No matter which application-development strategy you prefer—top-down, starting with a domain model, or bottom-up, starting with an existing database schema—Hibernate, used together with the appropriate tools, will significantly reduce development time. - Maintainability: Fewer lines of code (LOC) make the system more understandable, because it emphasizes business logic rather than plumbing. Most important, a system with less code is easier to refactor. Automated object/relational persistence substantially reduces LOC. Of course, counting lines of code is a debatable way of measuring application complexity.
However, there are other reasons that a Hibernate application is more maintainable. In systems with hand-coded persistence, an inevitable tension exists between the relational representation and the object model implementing the domain. Changes to one almost always involve changes to the other, and often the design of one representation is compromised to accommodate the existence of the other. (What almost always happens in practice is that the object model of the domain is compromised.) ORM provides a buffer between the two models, allowing more elegant use of object orientation on the Java side, and insulating each model from minor changes to the other. - Performance: A common claim is that hand-coded persistence can always be at least as fast, and can often be faster, than automated persistence. This is true in the same sense that it’s true that assembly code can always be at least as fast as Java code, or a handwritten parser can always be at least as fast as a parser generated by YACC or ANTLR—in other words, it’s beside the point. The unspoken implication of the claim is that hand-coded persistence will perform at least as well in an actual application. But this implication will be true only if the effort required to implement at-least-as-fast hand-coded persistence is similar to the amount of effort involved in utilizing an automated solution. The really interesting question is what happens when we consider time and budget constraints?
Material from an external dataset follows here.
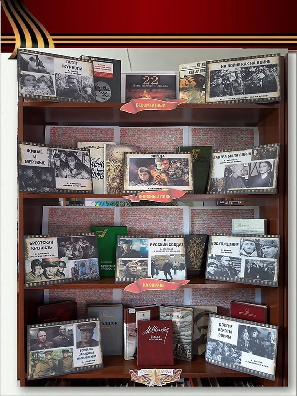 На книжной выставке «Бессмертный книжный полк на экране» представлена художественная литература о войне: произведения, ставшие основой для лучших советских и российских фильмов. Большинство этих кинолент было снято по мотивам книг, которые, как правило, гораздо точнее и глубже раскрывают сюжет и замысел автора.

Given a persistence task, many optimizations are possible. Some (such as query hints) are much easier to achieve with hand-coded SQL/JDBC. Most optimizations, however, are much easier to achieve with automated ORM. In a project with time constraints, hand-coded persistence usually allows you to make some optimizations. Hibernate allows many more optimizations to be used all the time. Furthermore, automated persistence improves developer productivity so much that you can spend more time hand-optimizing the few remaining bottlenecks.
Finally, the people who implemented your ORM software probably had much more time to investigate performance optimizations than you have. Did you know, for instance, that pooling PreparedStatement instances results in a significant performance increase for the DB2 JDBC driver but breaks the InterBase JDBC driver? Did you realize that updating only the changed columns of a table can be significantly faster for some databases but potentially slower for others? In your handcrafted solution, how easy is it to experiment with the impact of these various strategies? - Vendor independence: An ORM abstracts your application away from the underlying SQL database and SQL dialect. If the tool supports a number of different databases (and most do), this confers a certain level of portability on your application. You shouldn’t necessarily expect write-once/run-anywhere, because the capabilities of databases differ, and achieving full portability would require sacrificing some of the strength of the more powerful platforms. Nevertheless, it’s usually much easier to develop a cross-platform application using ORM. Even if you don’t require cross-platform operation, an ORM can still help mitigate some of the risks associated with vendor lock-in.
In addition, database independence helps in development scenarios where developers use a lightweight local database but deploy for production on a different database.
Before you start your first project with Hibernate, you should consider the EJB 3.0 standard and its subspecification, Java Persistence. Let’s go back in history and see how this new standard came into existence.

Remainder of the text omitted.